= Cadaveric spasm =

Postmortem stiffening of a muscle

Cadaveric spasm, also known as postmortem spasm, instantaneous rigor mortis, cataleptic rigidity, or instantaneous rigidity, is a rare form of muscular stiffening that occurs at the moment of death and persists into the period of rigor mortis. Cadaveric spasm can be distinguished from rigor mortis as the former is a stronger stiffening of the muscles that cannot be easily undone, while rigor mortis can. Unlike rigor mortis, cadaveric spasms are believed to be an ante-mortem phenomenon.

The cause is unknown but is usually associated with violent deaths under extreme physical circumstances with intense emotion, such as the circumstances associated with death via combustion.

==Manifestation==
Cadaveric spasm may affect all muscles in the body, but typically only groups, such as the forearms, or hands. Cadaveric spasm is seen in cases of drowning victims when grass, weeds, roots or other materials are clutched, and provides evidence of life at the time of entry into the water. Cadaveric spasm often crystallizes the last activity one did before death and is therefore significant in forensic investigations, e.g. holding onto a knife tightly.

==Physiological mechanism==
ATP is required to reuptake calcium into the sarcomere's sarcoplasmic reticulum (SR). When a muscle is relaxed, the myosin heads are returned to their "high energy" position, ready and waiting for a binding site on the actin filament to become available. Because there is no ATP available, previously released calcium ions cannot return to the SR. These leftover calcium ions move around inside the sarcomere and may eventually find their way to a binding site on the thin filament's regulatory protein. Since the myosin head is already ready to bind, no additional ATP expenditure is required and the sarcomere contracts.

When this process occurs on a larger scale, the stiffening associated with rigor mortis can occur. It mainly occurs during high ATP use. Sometimes, cadaveric spasms can be associated with erotic asphyxiation resulting in death.

== Controversy ==
Matthias Pfaffli and Dau Wyler, Professors of Legal Medicine at University of Bern, Switzerland, posed five requirements in order for a death to have been observed and classified as containing a cadaveric spasm:
1. The body part hypothesized as having undergone cadaveric spasm must be freestanding against the force of gravity
2. The deceased must be observed before the rigor mortis has developed
3. There must be adequate and continuous documentation of post mortem changes in respect to the lividity of the deceased
4. The scene of the death must be undisturbed before examination of the crime scene
5. No third party may be present at the death to ensure no manipulation of the body

Because of the improbability that all of these requirements may be examined in one subject, cadaveric spasms are unlikely to be consistently documented and therefore proved existent.

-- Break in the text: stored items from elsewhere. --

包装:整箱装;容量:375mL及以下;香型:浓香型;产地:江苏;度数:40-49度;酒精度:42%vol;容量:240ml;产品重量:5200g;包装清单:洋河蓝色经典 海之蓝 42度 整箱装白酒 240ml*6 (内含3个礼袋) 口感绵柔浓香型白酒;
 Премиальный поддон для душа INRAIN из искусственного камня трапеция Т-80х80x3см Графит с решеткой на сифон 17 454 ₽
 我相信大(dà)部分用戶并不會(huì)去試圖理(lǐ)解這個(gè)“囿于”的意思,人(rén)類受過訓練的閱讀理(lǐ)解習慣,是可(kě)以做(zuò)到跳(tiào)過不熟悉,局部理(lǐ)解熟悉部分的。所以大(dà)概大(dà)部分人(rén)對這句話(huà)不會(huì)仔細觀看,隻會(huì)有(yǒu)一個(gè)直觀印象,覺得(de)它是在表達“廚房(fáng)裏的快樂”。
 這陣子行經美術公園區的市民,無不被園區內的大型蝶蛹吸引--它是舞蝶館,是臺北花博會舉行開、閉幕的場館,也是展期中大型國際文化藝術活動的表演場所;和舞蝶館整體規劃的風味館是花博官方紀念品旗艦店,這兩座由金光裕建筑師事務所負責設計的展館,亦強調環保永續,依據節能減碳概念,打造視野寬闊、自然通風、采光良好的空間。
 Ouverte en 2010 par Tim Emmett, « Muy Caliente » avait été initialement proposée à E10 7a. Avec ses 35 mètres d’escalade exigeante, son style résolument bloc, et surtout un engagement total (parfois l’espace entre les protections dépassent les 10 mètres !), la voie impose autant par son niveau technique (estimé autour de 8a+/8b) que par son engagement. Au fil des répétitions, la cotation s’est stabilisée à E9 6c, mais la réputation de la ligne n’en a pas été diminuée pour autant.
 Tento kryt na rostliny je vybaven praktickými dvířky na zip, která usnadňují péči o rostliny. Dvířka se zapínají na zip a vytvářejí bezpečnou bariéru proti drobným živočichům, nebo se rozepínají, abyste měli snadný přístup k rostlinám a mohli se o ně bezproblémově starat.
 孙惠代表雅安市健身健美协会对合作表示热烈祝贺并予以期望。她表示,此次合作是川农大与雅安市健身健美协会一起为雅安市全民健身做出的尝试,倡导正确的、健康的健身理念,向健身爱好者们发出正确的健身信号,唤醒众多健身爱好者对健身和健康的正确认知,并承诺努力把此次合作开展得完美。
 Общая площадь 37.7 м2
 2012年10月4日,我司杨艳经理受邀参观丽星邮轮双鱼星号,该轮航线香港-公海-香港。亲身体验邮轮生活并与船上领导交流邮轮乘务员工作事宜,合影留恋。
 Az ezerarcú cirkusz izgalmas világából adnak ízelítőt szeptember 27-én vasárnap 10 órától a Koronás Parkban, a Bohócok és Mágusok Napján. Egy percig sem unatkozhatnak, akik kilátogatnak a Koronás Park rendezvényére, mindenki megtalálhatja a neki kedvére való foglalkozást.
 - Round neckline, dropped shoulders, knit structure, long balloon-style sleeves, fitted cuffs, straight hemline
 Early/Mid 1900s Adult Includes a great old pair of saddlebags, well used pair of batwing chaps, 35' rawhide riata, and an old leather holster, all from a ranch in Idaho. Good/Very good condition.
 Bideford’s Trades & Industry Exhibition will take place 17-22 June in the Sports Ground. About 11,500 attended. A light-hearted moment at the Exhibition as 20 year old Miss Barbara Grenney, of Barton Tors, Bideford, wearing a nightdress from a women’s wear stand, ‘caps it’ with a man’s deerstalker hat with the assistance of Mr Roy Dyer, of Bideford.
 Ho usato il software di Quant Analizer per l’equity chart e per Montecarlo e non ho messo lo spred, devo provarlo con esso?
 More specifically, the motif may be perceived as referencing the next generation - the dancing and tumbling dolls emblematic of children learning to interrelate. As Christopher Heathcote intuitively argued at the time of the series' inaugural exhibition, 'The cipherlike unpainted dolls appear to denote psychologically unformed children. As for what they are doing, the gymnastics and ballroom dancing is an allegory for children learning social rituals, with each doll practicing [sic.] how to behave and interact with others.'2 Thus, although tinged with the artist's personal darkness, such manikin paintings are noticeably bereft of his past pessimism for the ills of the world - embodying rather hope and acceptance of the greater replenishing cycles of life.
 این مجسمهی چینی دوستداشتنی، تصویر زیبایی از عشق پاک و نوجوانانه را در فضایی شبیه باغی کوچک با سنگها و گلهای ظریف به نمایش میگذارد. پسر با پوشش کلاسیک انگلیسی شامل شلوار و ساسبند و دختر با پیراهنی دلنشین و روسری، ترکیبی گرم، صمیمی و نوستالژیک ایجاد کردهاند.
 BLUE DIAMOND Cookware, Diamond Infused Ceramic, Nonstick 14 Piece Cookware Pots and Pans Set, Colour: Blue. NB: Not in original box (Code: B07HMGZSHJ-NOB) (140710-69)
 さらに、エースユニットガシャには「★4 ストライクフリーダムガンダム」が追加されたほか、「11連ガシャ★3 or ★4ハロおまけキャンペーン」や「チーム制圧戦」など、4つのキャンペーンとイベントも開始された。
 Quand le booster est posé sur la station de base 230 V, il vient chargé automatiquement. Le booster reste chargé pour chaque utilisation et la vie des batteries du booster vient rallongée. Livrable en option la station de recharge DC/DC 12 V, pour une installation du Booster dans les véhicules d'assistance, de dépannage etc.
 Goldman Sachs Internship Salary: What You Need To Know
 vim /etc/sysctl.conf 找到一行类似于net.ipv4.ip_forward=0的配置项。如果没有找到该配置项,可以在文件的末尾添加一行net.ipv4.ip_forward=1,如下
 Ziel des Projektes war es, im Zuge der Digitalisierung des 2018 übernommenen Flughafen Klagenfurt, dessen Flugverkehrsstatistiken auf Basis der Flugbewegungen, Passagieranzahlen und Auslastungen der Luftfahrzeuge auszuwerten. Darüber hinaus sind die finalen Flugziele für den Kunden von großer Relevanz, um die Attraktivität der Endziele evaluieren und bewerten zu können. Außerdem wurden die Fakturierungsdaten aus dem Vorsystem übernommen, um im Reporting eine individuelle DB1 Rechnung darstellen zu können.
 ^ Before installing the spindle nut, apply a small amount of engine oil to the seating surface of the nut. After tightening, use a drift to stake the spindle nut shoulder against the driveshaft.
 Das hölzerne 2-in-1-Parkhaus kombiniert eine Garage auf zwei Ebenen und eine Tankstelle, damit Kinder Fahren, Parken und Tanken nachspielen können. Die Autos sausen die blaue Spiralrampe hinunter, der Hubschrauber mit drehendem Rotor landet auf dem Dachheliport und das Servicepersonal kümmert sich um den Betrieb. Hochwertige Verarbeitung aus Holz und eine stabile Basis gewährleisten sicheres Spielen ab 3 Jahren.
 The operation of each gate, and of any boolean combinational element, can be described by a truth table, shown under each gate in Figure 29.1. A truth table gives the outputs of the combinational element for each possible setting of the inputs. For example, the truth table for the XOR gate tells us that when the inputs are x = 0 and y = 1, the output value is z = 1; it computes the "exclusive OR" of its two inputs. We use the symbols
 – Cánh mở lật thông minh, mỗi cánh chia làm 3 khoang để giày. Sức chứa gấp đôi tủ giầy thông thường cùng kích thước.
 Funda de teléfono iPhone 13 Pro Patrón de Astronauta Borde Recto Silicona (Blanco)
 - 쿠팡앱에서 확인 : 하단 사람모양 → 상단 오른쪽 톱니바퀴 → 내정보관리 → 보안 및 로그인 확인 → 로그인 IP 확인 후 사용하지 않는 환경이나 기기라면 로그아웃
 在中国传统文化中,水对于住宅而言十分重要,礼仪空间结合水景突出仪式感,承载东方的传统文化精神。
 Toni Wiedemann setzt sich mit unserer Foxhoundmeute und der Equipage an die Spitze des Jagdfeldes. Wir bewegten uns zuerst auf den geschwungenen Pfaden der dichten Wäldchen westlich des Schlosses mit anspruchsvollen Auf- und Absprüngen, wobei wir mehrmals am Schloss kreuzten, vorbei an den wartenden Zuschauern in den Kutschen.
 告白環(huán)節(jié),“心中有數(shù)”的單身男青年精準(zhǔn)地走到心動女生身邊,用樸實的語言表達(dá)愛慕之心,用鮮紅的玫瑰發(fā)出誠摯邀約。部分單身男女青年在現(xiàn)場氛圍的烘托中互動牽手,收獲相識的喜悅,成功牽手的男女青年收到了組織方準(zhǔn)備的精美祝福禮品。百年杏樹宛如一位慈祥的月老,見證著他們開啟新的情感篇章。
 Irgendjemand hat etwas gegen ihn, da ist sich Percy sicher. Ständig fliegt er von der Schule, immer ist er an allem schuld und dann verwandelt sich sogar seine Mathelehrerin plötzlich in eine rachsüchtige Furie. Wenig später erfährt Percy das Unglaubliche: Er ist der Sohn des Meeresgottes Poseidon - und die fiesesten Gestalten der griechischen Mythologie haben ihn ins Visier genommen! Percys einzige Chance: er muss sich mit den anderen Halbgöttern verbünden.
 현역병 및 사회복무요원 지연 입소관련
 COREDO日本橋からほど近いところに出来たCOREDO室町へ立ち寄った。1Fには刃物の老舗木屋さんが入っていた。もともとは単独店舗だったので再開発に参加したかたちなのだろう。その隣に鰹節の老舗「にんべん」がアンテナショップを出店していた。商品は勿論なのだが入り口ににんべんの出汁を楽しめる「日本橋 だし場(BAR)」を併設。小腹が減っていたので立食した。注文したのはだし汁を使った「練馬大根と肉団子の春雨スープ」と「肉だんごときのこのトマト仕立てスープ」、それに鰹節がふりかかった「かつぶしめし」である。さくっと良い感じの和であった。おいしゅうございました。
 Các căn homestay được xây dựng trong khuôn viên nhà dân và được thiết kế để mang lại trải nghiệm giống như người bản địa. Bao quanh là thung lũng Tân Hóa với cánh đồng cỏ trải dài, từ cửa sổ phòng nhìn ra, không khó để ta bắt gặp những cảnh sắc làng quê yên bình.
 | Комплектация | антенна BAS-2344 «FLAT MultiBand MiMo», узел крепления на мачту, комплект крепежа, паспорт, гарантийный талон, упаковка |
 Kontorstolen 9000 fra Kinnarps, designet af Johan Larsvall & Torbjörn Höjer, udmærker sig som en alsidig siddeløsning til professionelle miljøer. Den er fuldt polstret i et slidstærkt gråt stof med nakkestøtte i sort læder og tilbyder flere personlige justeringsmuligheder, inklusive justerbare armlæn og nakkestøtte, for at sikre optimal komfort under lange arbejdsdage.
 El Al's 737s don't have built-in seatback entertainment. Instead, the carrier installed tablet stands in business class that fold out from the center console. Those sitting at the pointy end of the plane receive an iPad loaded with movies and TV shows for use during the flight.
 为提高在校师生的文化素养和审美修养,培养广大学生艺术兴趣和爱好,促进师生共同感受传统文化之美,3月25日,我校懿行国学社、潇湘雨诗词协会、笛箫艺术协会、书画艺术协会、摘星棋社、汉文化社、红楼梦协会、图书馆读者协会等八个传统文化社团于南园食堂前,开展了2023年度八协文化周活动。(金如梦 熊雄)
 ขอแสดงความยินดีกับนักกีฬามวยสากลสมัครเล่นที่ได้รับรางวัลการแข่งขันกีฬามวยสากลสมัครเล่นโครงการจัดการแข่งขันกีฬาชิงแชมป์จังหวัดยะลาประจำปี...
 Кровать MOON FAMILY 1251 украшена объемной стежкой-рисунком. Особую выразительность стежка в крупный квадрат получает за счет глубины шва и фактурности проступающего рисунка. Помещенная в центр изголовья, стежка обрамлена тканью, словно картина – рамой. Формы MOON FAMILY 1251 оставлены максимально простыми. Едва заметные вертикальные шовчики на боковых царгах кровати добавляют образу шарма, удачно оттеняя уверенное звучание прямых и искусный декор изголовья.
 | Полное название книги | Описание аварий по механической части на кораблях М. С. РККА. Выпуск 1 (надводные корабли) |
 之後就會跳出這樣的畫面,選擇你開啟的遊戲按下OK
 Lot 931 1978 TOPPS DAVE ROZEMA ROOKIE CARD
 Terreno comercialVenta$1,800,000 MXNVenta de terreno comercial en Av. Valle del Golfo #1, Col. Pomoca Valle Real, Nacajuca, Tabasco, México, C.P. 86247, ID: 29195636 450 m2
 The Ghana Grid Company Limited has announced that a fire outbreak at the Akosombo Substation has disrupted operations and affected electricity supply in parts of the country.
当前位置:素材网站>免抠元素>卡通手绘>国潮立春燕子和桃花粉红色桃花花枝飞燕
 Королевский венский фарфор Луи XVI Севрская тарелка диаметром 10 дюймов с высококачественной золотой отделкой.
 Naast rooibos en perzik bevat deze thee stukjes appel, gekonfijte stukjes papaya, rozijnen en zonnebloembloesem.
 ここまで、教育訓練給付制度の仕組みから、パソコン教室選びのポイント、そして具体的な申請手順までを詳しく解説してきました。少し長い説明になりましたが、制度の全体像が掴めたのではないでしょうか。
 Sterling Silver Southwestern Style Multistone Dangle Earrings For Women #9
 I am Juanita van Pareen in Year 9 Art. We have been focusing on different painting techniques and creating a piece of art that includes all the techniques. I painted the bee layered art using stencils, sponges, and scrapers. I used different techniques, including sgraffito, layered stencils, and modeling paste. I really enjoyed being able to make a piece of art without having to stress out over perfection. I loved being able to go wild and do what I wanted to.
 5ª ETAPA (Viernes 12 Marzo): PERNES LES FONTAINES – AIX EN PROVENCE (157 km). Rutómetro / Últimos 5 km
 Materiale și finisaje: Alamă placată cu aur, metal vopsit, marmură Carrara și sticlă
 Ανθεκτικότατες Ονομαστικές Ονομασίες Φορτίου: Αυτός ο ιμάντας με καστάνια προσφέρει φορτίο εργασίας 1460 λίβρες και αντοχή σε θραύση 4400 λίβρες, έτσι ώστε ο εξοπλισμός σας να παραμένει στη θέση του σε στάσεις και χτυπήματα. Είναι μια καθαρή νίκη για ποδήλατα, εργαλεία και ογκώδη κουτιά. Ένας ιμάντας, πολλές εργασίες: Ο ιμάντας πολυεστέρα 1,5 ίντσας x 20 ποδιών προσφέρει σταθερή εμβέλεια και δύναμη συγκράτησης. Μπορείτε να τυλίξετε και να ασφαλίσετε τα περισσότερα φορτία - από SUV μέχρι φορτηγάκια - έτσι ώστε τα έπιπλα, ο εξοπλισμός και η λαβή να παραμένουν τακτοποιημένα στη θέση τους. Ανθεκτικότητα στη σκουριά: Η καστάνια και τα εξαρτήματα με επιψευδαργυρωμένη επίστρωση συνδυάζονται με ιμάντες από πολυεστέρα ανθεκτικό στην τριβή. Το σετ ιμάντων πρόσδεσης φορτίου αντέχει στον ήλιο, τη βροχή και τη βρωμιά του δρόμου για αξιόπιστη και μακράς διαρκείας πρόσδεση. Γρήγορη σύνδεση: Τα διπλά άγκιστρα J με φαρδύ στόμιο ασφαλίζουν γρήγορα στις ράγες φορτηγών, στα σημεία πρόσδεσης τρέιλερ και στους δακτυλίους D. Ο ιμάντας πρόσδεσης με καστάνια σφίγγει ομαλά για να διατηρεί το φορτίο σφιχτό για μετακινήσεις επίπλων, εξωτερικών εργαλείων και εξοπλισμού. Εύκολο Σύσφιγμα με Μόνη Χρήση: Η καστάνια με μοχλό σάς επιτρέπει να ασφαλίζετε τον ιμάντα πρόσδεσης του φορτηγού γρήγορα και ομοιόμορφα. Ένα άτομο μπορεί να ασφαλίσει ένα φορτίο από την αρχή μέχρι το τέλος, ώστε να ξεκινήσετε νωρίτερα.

Very little to no pathophysiological or scientific basis exists to support the validity of cadaveric spasms. Chemically, this phenomenon cannot be explained as being analogous to “true” rigor mortis. Therefore, a variety of other factors have been examined and explored in an effort to alternatively account for the cases of supposed instantaneous rigor mortis that have been reported. In a study reported in The International Journal of Legal Medicine, there was no consistent evidence of cadaveric spasms even in deaths of the same type. Out of 65 sharp-force suicides, only two victims still held their weapon post mortem. This low incidence rate suggests that genuine cadaveric spasm was not exhibited. Gravity may play a large factor in the trapping of limbs and other objects under the body at the time of death, and the subsequent observed placement of limbs after death. In fatalities related to cranial or neural injury, nerve damage in the brain may inhibit the ability to release a weapon from the hand. The flexion of agonist and antagonist muscles in conjunction may additionally contribute to the observed fixation of an object or weapon.